Successivamente è necessaria una duplice distinta di valutazione in proposito, non potendosi fare derivare l’ingiustizia del vantaggio dalla illegittimità del mezzo utilizzato e, quindi, dall’accertata esistenza dell’illegittimità della condotta”.

In applicazione di questo principio, la Suprema Corte ha affermato la responsabilità a norma dell’articolo 323 del codice penale del magistrato del Pubblico Ministero. il quale, “aggirando il precetto della legge, ha concentrato gli incarichi di consulenza nelle mani di un ristretto gruppo di soggetti i quali avevano, d’altro canto, percepito onorari illegittimi, in violazione del limite normativamente stabilito delle 8 vacazioni giornaliere”.
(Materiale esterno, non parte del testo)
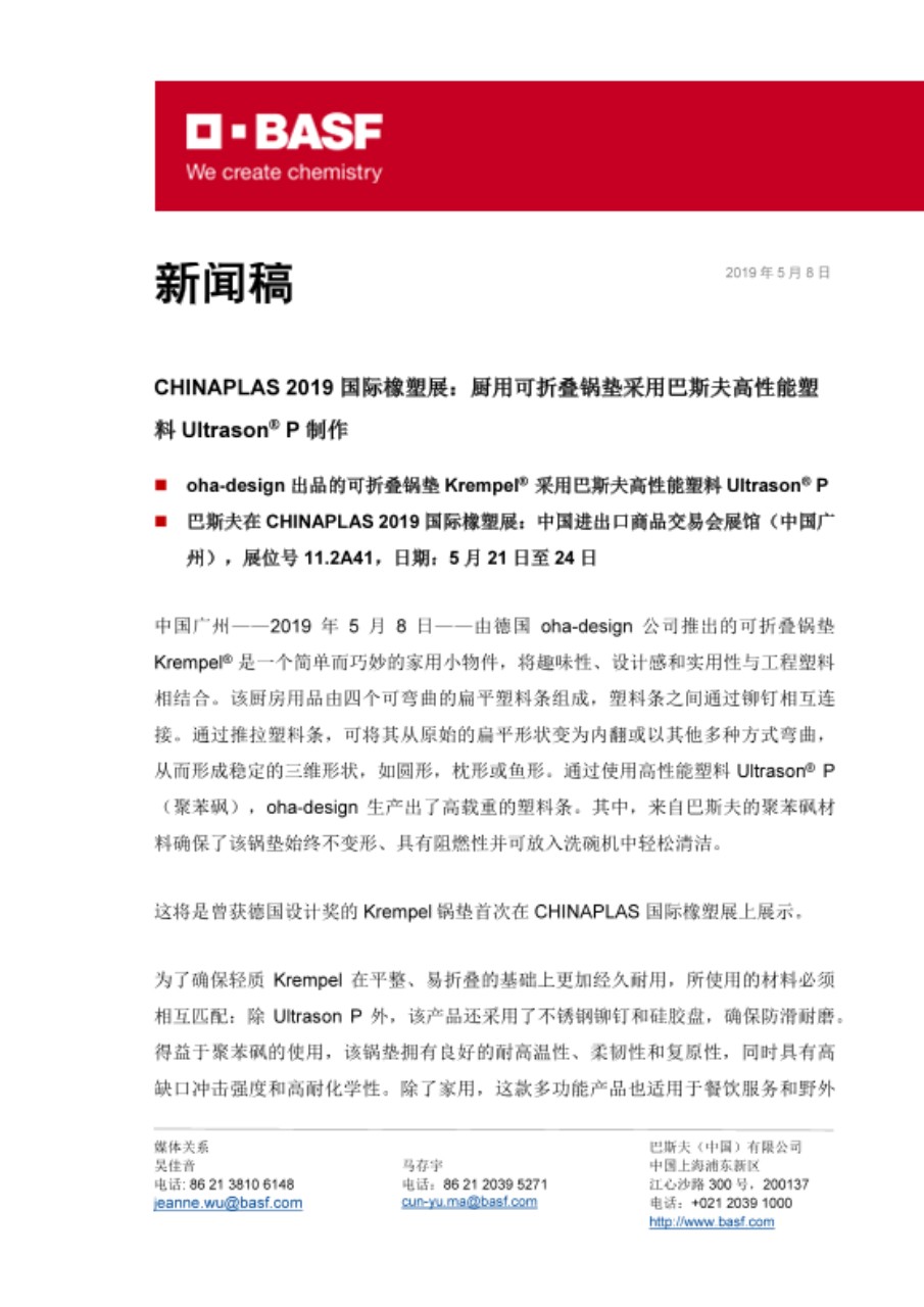 CHINAPLAS 2019国际橡塑展:厨用可折叠锅垫用巴斯夫高性能塑料Ultrason® P制作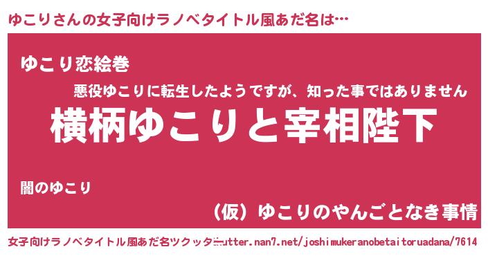 | ヒーロー風カッコイイあだ名 | 『慈愛の使者ゆこり』『スーパーユコリ』 |

Il giudice che rifiuta indebitamente un atto del suo ufficio che, per ragioni di giustizia, sicurezza e ordine pubblico, igiene e sanità, debba essere compiuto senza ritardo, risponde, inoltre, del reato di “Rifiuto di atti d’ufficio” previsto dall’articolo 328 comma 1 del codice di procedura normale, punito con la reclusione da sei mesi a due anni.

È punibile, anche con la reclusione sino a un anno o con la multa sino a 1.032 euro, secondo il disposto del comma 2 dell’articolo 328, il giudice che, entro trenta giorni dalla richiesta di chi vi abbia interesse, non compia l’atto del suo ufficio e non risponda per esporre le ragioni del ritardo.

Secondo la Suprema Corte, ai fini dell’integrazione della fattispecie della quale al comma 1 dell’aricolo 328 del codice penale, è sufficiente un’inerzia omissiva, non essendo necessario un rifiuto esplicito.

L’ipotesi della quale al comma due, si integra con l’omissione e la mancata risposta sui motivi della stessa.

Il delitto in esame, può essere integrato anche quando manchi una richiesta o un ordine, nell’ipotesi nella quale il fatto concreto faccia apparire il compimento dell’atto quale necessario o urgente.

Nell’esperienza italiana, uno snodo cruciale del cammino verso la piena consapevolezza del ruolo del giudice nell’ordinamento è stato senz’altro rappresentato dal Convegno dell’Associazione nazionale Magistrati svoltosi a Gardone nel 1965, in occasione del quale, tra gli orientamenti più radicali, si manifestò addirittura l’idea secondo la quale i magistrati avrebbero dovuto essere considerati portatori di un proprio “indirizzo politico”.